There are two types of people in this world:
Those who say, “Don’t blame yourself. There was nothing you could have done differently about X,” and those who say, “You idiot! Of course X would happen.”
I tend to often wonder about X, and in the process, divert to the quodlibet of those two types of people; Those who think you are not blame yourself for X, and those who attitudinize themselves to be too wise to even invest their emotions into X.
What do these two types of personalities mean?
The Story Solution: 23 Actions All Great Heroes Must Take by Eric Edson is a instructional screenplay guide on how to successfully put together an award winning script that is worth your time and effort – a book, that for me, makes a real difference in the pessimistic nature of reality. In it, Edson explains how in order to create a dynamic hero (or character in general) you create a shield. Yes, every person in every good movie has a shield just like real life. Essentially, the steps are as follows: Step 1 – Create a character with a past and personality. Step 2 – Develop an end goal that he or she needs. Step 3 – Create THE reason that stops him or her from accomplishing that goal. I believe that this is an underlying motif that dominates many facets of our lives and in the end will hopefully lead me to “experience a sense of completion as … [I] lay down [my] shield of emotional self-protection and achieve emotional freedom, allowing [me] to connect with others again on a personal level; a life process we all go through, when healing old wounds.” That all of us have an end goal that defines us, but there will always be that shield, stepping in our way, that adds inner conflict to every action we take.
More often than not, we ask ourselves what our purpose is in life when really the question that should be asked is how to pierce that shield.

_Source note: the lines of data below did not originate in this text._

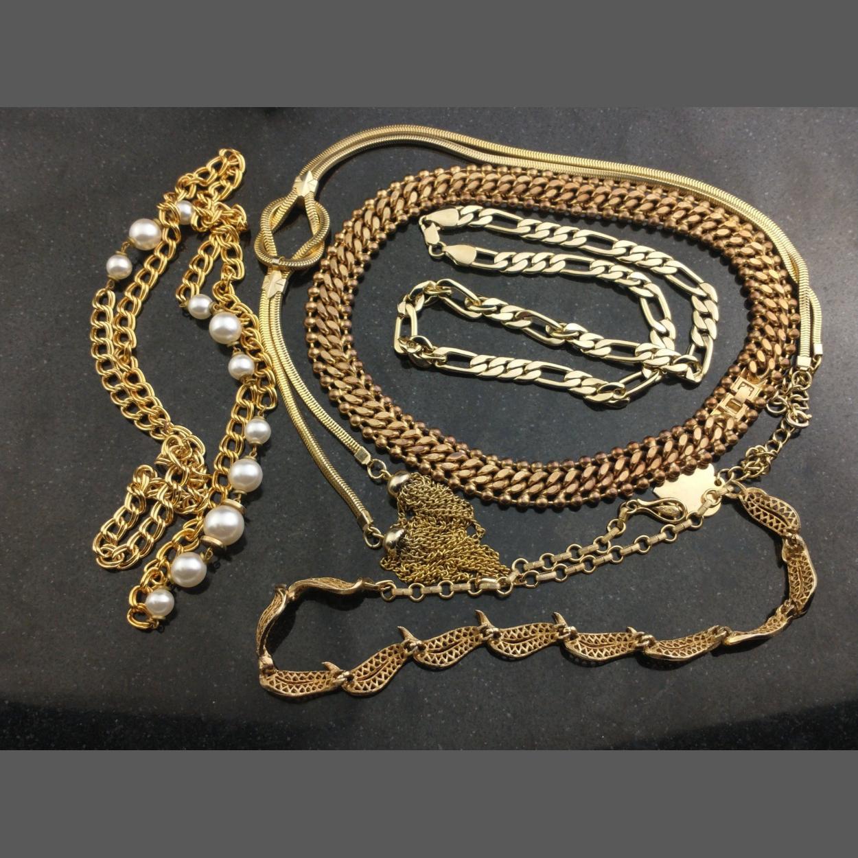 A shiny collection of yellow metal costume necklaces. Five pieces in total.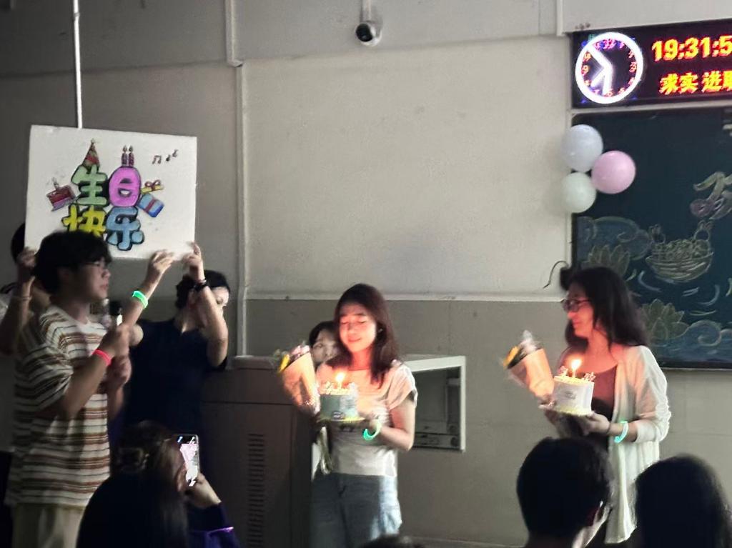 除了精彩的文艺表演,晚会还特别设计了多个互动小游戏环节,如结合专业特色的“指尖‘钞’能力”点钞比赛、考验观察与表达能力的“伪装者挑战”、紧张有趣的“寻‘爆’大挑战”以及“声初辨金曲”猜歌环节等。游戏不仅拉近了同学之间的距离,更将现场气氛一次次推向高潮。参与游戏和才艺展示的同学均有机会参与抽奖,赢取便利贴、笔记本、日用礼品等丰富奖品。当晚,晚会特别设置了一个温馨环节——为两位恰逢生日的2023级同学举行了简朴而真挚的集体生日庆祝仪式。在全场师生齐唱《生日快乐》的歌声中,两位“寿星”惊喜上台,接受来自公司和同学们的诚挚祝福。这份突如其来的温暖,不仅让过生日的同学感动不已,也让所有在场师生感受到经管公司大家庭的关怀与情谊,将晚会推向情感的高潮。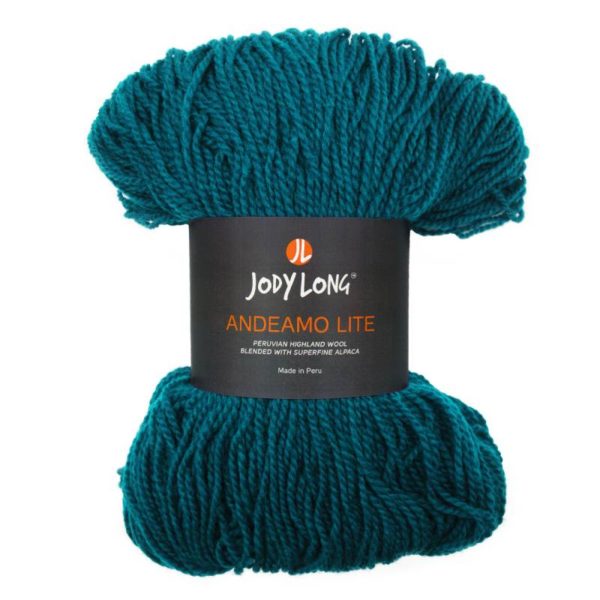Made in Peru, this worsted wool/alpaca blend is the little brother of the popular Andeamo: lightly spun two-ply is a dream to knit with and it will fly off your needles. It is available in bright saturated colors to complement Jody Long’s own gifted pattern support.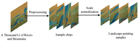 In order to better study the intelligent generation of Chinese landscape paintings, we train and test the proposed Paint-CUT on the constructed landscape painting dataset. This dataset includes landscape photo samples, as well as two of the top ten painting samples, i.e., the samples of Dwelling in the Fuchun Mountains and A Thousand Li of Rivers and Mountains. In order to generate high-quality results, a series of processing methods are applied to the samples. The construction process of landscape painting samples, using A Thousand Li of Rivers and Mountains as an example, is shown in Figure 4. Landscape photos cover various elements, such as mountains, water, trees, rocks, and houses, which are common and represent elements of Chinese landscape paintings. These photos are consistent with the Chinese landscape paintings in content, which can be used to generate landscape paintings. The size of the sample is 256 × 256, including 5388 samples of Dwelling in the Fuchun Mountains, 5025 samples of A Thousand Li of Rivers and Mountains, and 3253 landscape photos. In addition, the entire dataset is randomly divided into a training dataset (80%) and a test dataset (20%). A detailed overview is shown in Table 1. This dataset can satisfy the requirements of experiments; examples of samples are shown in Figure 5.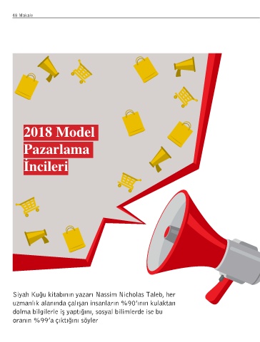 48 Makale 2018 Model Pazarlama İncileri Siyah Kuğu kitabının yazarı Nassim Nicholas Taleb, her uzmanlık alanında çalışan insanların %90’ının kulaktan dolma bilgilerle iş yaptığını, sosyal bilimlerde ise bu oranın %99’a çıktığını söyler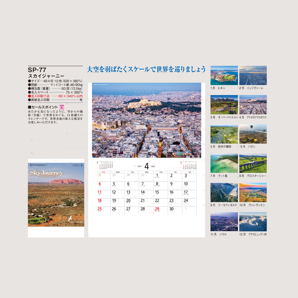 あたかも鳥になったように、空から撮影(空撮)で世界をめぐる、13枚綴りのカレンダーです。世界各地の雄大な風景をお楽しみいただけます。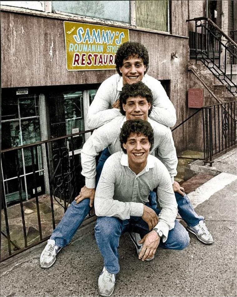 Τα τρία αγόρια είχαν γεννηθεί στο Λόνγκ Άιλαντ και είχαν υιοθετηθεί από τρεις διαφορετικές οικογένειες: Η μία ευκατάστατη, η δεύτερη μεσαίας τάξης και η τρίτη εργατικής τάξης. Η ιστορία τους έγινε ταινία του Netflix το 2018 με τίτλο «Three Identical Strangers». Μόλις ανακάλυψαν την αλήθεια έγιναν αμέσως διάσημοι χάρη στις εξωστρεφείς προσωπικότητές τους και την καλή εμφάνισή τους, ανοίγοντας ακόμη και ένα εστιατόριο με την ονομασία Triplets (Οι τρίδυμοι). Ωστόσο πάλεψαν σκληρά προκειμένου να ανακαλύψουν την αλήθεια για το πώς υιοθετήθηκαν, με τον Έντι Γκάλαντ να αυτοκτονεί το 1995 ύστερα από μάχη με την μανιοκατάθλιψη.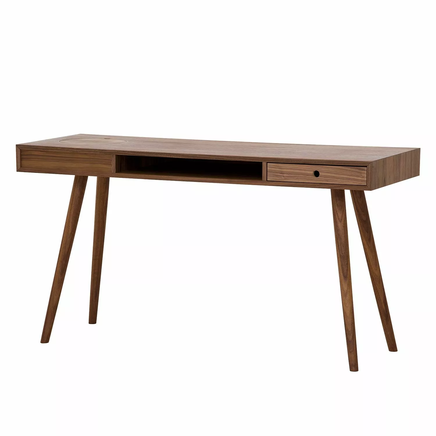 Der Schreibtisch Kierkegaard präsentiert sich in geradliniger puristischer Form mit schlanken Proportionen und passt sowohl zu einer modernen skandinavischen Einrichtung als auch zu Möbeln im Retro-Design. Dezentes Design kombiniert mit hoher Funktionalität, machen das elegante Möbelstück zu etwas ganz Besonderem. Front und Korpus des Schreibtisches Kierkegaard sind aus hochwertigen MDF-Platten gefertigt. Einen extravaganten Blickfang bilden die aus massivem geölten Walnussholz gefertigten schlanken schräg gestellten Beine des Tisches. Eine Schublade, ein offenes Fach sowie ein Stauraum mit Kabeldurchlass bieten Ablagefläche für Papiere und kleinere Gegenstände.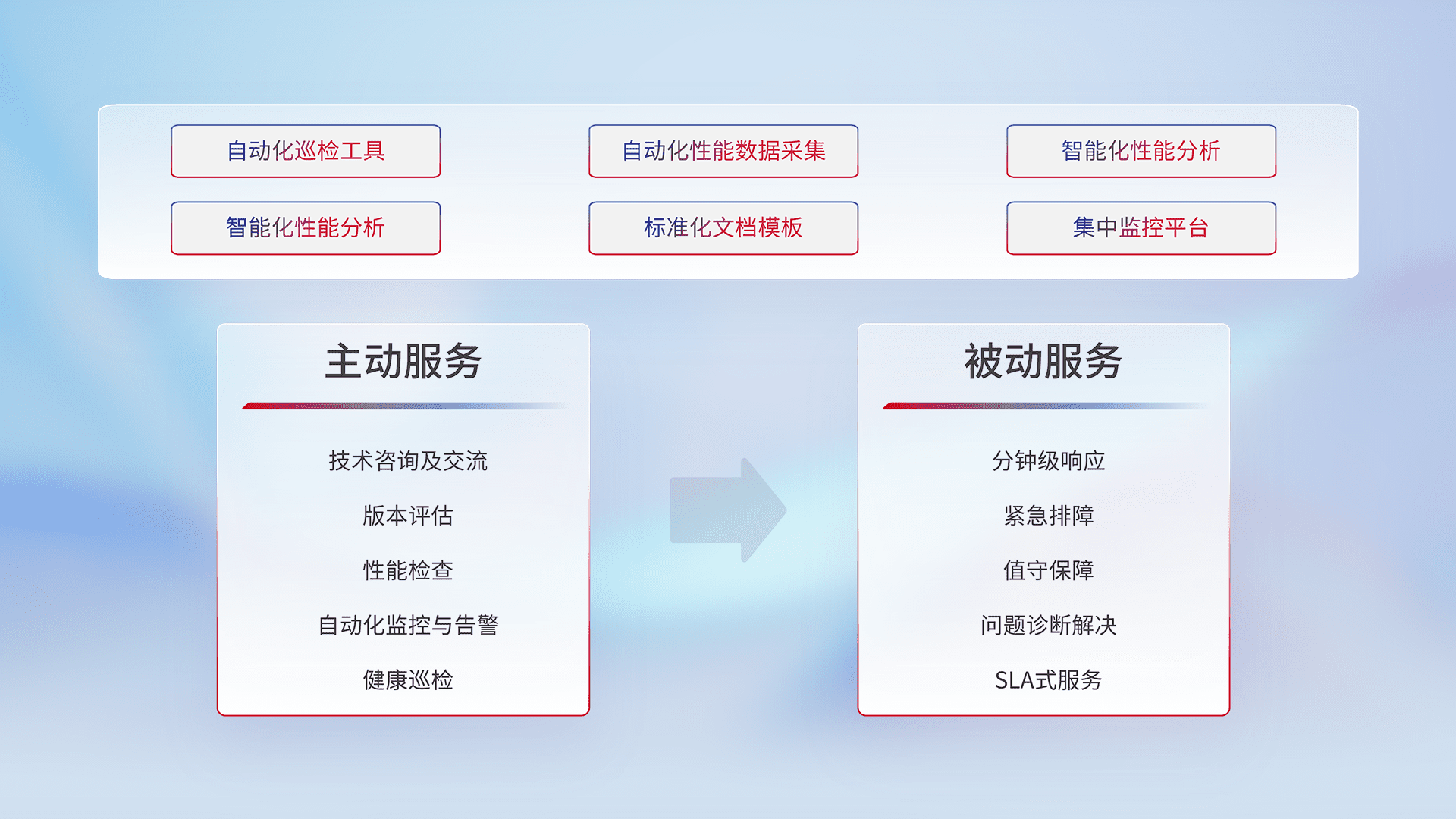 智能化工具和标准化文档,,保障服务质量,,,,提供主动服务(包含技术咨询、、、版本评估、、性能检查、、、、自动化监控与告警、、健康巡检)和被动服务包含(分钟级响应、、紧急排障、、值守保障、、、、问题诊断解决、、、SLA服务)。。。。

But this shield does define whether or not you side with the, “Don’t blame yourself. There was nothing you could have done differently about X,” or the, “You idiot! Of course X would happen,” response.
I could ramble about what types of shields develop those types of responses but I don’t think it is worth anyones’ time to hear my naive interpretations when I’ve never picked up a psychology book on the subject. These interpretations would merely be fueled by the simple things I’ve picked up via my habit to read into things. It wouldn’t do you nor this blog justice, so I’ll skip ahead.
There are three types of people in this world:
Those who say, “Don’t blame yourself. There was nothing you could have done differently about X,” those who say, “You idiot! Of course X would happen,” and lastly, those who say, “X created your shield and you should be grateful for that. Now, just like wine, your character becomes better defined through time thus you blossom to what you are now. Embrace the pains. Become a masochist if you need to! For when you reach Y, you shall find inner peace and become Z.”